» **Data items**:
###

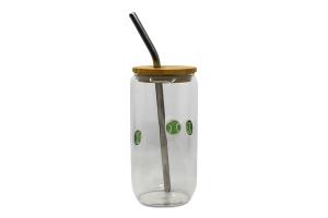 Tumbler Clear Glass w/Tennis Balls & Lid and Chrome Straw
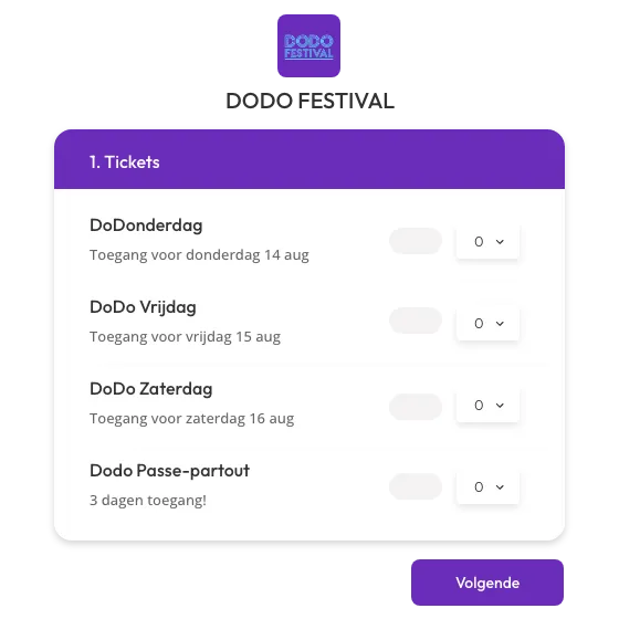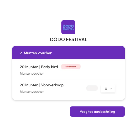 De ticketshop van Dodo Festival is gekoppeld aan hun website en socials. Bezoekers klikken, kopen en hebben direct hun ticket binnen. Eenvoudig geregeld.
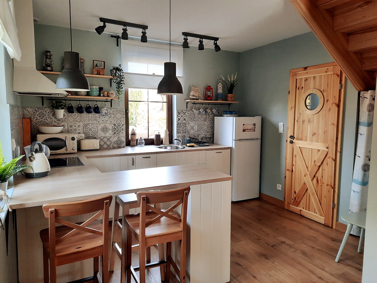 Indlu yamaplanga eyahlukileyo ngaselwandle. I-atmospheric, eyakhiwe ngokuqwalasela iinkcukacha. Ilungele iiholide zasehlotyeni, iiholide zasebusika, kunye neholide yempela-veki phezu koLwandle lwaseBaltic. Ikwindawo enkulu (engaphezu kwe-6,000 m2) kude neyona ndlela iphambili, ijikelezwe kwicala ngalinye ngokuluhlaza. Iholide emnandi iza kunika uxolo, ukuzola nokusondela kunxweme oluhle eDębki. Ilungele iintsapho kunye namaqela abahlobo, afumaneka kumaqela amancinci okanye izibini.
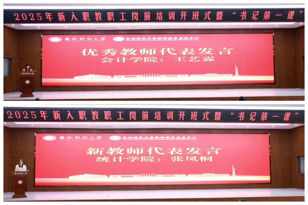 全国高校青年教师教学竞赛三等奖获得者、会计学院教师王艺霖作为优秀教师代表,分享从教心得与育人感悟;统计学院新入职教师张凤桐代表全体人员发言,承诺将以饱满热情投入工作,爱岗爱校,在吉财沃土上书写育人新篇章。
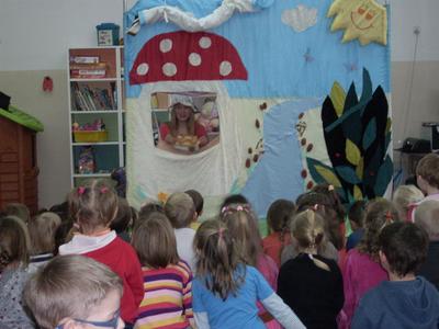 Przez trzy dni przedszkolaki wędrowały ,,za siedem gór i siedem rzek”- na skróty, bo przez bibliotekę. Codziennie dla każdej z grup pani Beatka ożywiała pacynki dołączone do książeczek z bajkami pt.,,Jaś i Małgosia” oraz ,,Czerwony Kapturek”. Najpierw były...

###

» **EXERCISE AIM**: Take the lines from the start of the entries through the line containing "De ticketshop van" and set them down exactly, leaving out every picture.

» **RESPONSE TO THIS TASK**:
 Tumbler Clear Glass w/Tennis Balls & Lid and Chrome Straw
 De ticketshop van Dodo Festival is gekoppeld aan hun website en socials. Bezoekers klikken, kopen en hebben direct hun ticket binnen. Eenvoudig geregeld.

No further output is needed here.